# EXERCISE:
Copy the data that follows exactly, and include none of its images.

# SUPPLIED INFORMATION:
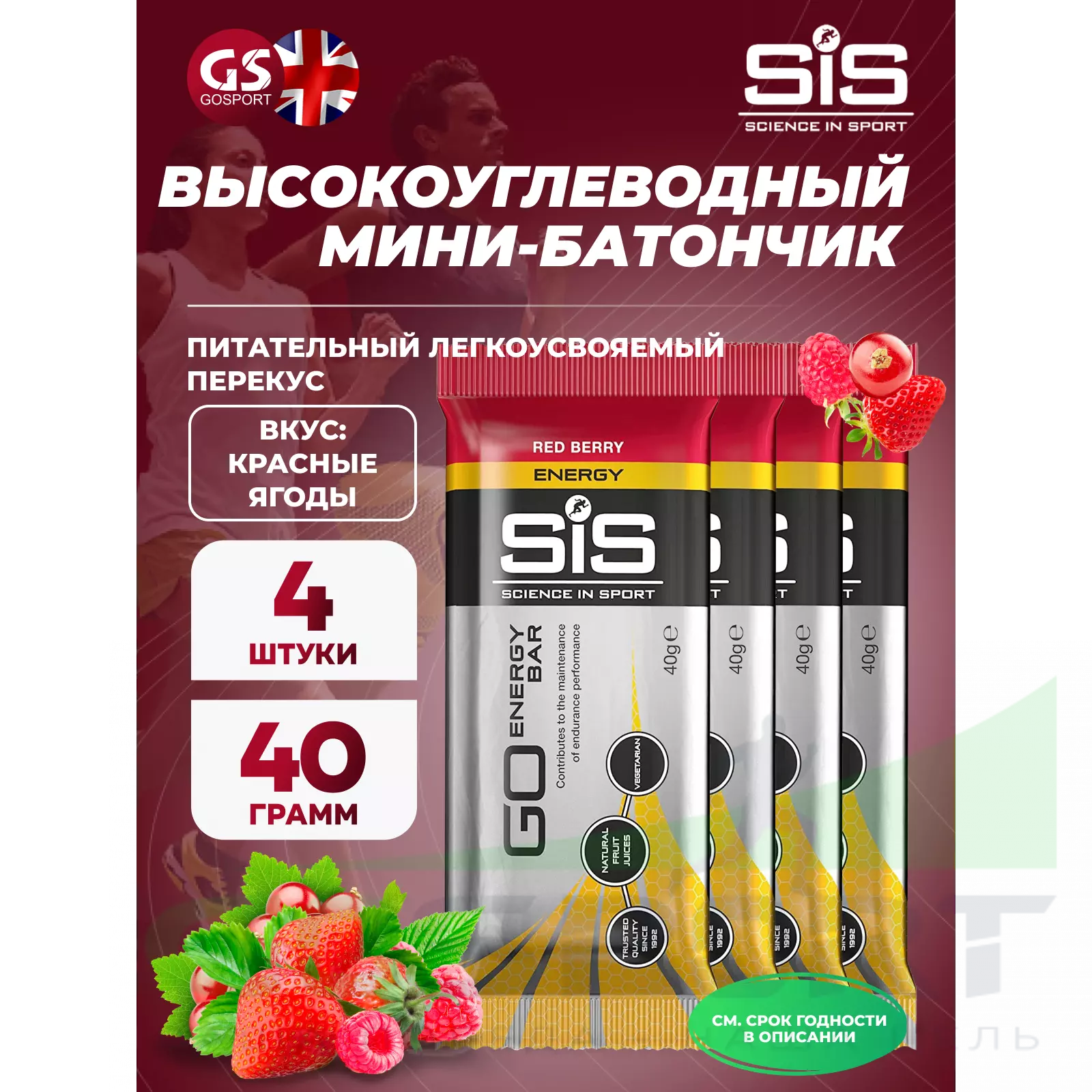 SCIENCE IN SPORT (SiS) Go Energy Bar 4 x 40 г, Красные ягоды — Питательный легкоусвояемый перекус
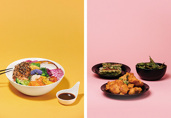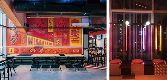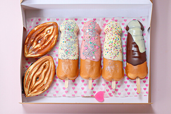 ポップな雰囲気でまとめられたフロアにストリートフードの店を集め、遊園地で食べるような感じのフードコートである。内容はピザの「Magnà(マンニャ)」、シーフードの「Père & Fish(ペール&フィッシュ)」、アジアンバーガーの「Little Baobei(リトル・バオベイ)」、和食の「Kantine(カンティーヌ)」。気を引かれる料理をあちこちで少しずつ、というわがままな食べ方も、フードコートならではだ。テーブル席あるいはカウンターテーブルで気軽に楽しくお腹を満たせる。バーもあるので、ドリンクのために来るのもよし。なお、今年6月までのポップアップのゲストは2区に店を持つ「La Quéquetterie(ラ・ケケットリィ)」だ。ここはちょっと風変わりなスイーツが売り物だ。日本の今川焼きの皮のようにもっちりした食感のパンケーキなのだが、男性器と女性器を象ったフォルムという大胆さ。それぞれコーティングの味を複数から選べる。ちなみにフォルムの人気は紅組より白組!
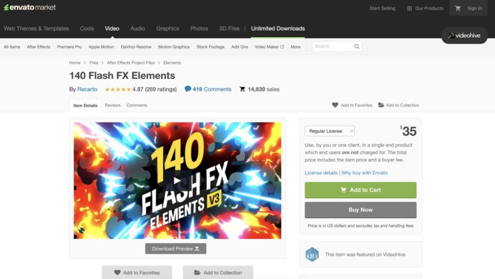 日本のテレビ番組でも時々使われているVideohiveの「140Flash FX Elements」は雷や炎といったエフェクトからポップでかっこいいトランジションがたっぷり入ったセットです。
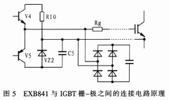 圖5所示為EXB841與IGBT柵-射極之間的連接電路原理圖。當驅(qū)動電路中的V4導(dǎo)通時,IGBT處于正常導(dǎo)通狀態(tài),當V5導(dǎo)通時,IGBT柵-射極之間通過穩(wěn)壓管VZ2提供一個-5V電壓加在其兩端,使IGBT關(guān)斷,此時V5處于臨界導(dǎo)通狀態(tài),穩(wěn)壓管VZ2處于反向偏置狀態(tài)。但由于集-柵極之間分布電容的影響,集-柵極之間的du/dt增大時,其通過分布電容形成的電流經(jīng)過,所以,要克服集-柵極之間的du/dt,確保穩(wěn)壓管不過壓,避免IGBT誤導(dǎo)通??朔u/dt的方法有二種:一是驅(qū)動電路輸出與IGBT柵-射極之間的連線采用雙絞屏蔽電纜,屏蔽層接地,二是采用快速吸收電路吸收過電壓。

# ANSWER TO THIS PROBLEM:
 SCIENCE IN SPORT (SiS) Go Energy Bar 4 x 40 г, Красные ягоды — Питательный легкоусвояемый перекус
 ポップな雰囲気でまとめられたフロアにストリートフードの店を集め、遊園地で食べるような感じのフードコートである。内容はピザの「Magnà(マンニャ)」、シーフードの「Père & Fish(ペール&フィッシュ)」、アジアンバーガーの「Little Baobei(リトル・バオベイ)」、和食の「Kantine(カンティーヌ)」。気を引かれる料理をあちこちで少しずつ、というわがままな食べ方も、フードコートならではだ。テーブル席あるいはカウンターテーブルで気軽に楽しくお腹を満たせる。バーもあるので、ドリンクのために来るのもよし。なお、今年6月までのポップアップのゲストは2区に店を持つ「La Quéquetterie(ラ・ケケットリィ)」だ。ここはちょっと風変わりなスイーツが売り物だ。日本の今川焼きの皮のようにもっちりした食感のパンケーキなのだが、男性器と女性器を象ったフォルムという大胆さ。それぞれコーティングの味を複数から選べる。ちなみにフォルムの人気は紅組より白組!
 日本のテレビ番組でも時々使われているVideohiveの「140Flash FX Elements」は雷や炎といったエフェクトからポップでかっこいいトランジションがたっぷり入ったセットです。
 圖5所示為EXB841與IGBT柵-射極之間的連接電路原理圖。當驅(qū)動電路中的V4導(dǎo)通時,IGBT處于正常導(dǎo)通狀態(tài),當V5導(dǎo)通時,IGBT柵-射極之間通過穩(wěn)壓管VZ2提供一個-5V電壓加在其兩端,使IGBT關(guān)斷,此時V5處于臨界導(dǎo)通狀態(tài),穩(wěn)壓管VZ2處于反向偏置狀態(tài)。但由于集-柵極之間分布電容的影響,集-柵極之間的du/dt增大時,其通過分布電容形成的電流經(jīng)過,所以,要克服集-柵極之間的du/dt,確保穩(wěn)壓管不過壓,避免IGBT誤導(dǎo)通??朔u/dt的方法有二種:一是驅(qū)動電路輸出與IGBT柵-射極之間的連線采用雙絞屏蔽電纜,屏蔽層接地,二是采用快速吸收電路吸收過電壓。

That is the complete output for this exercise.